Mélodie Zhao photo Vera Makus (1)

Melodie Zhao, age 15 (photo: Vera Makus)

Updated 7 March: link to review in Le Temps Geneva / Saint Prex, Switzerland (GenevaLunch) - Mélodie Zhao, age 15, will sit down at a grand piano at Geneva’s Victoria Hall Tuesday evening, to a sellout crowd of nearly 2,000 people, to interpret Chopin, in honour of his 200th birthday. It’s one of several Chopin events this week in Geneva which include 24 pianists from around the world, each interpreting one of his Etudes, also at Victoria Hall.

Zhao will perform the complete 27 Etudes (Op. 10 and Op. 25 and three without opus numbers) in one concert, a challenge rarely met by pianists.

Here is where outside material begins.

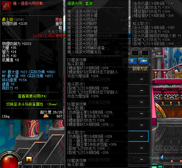 | 30 | 圣物 :荣耀的守夜女神的星纹长靴 | *Lv29~36普通地下城怪物掉落 |

“Ernesto”, president of Zamis OSR (Friends of the Suisse Romande Orchestra), which organized Zhao’s concert, calls her “phenomenal” and British classical pianist Andràs Schiff says she is “fantastic.” Ernesto noted in a recent letter to members of the group, inviting them to Tuesday’s concert, that “I will hardly insist on the extraordinary feat that performing all 27 of Chopin’s Etudes in one concert represents: it’s enough to say very few pianists are even up to this.”

Zhao’s relationship to Chopin is very special: at age 13 she became the youngest person to record his complete 24 Etudes with opus numbers, in the Tibor Varga Studios in Switzerland. At age eight she was already performing Chopin’s work in concert halls.

Her relationship to Geneva is also special, with her first completely solo recital at age 10 performed at the Palais de l’Athénée in Geneva, a programme of 70 minutes, with works from several periods.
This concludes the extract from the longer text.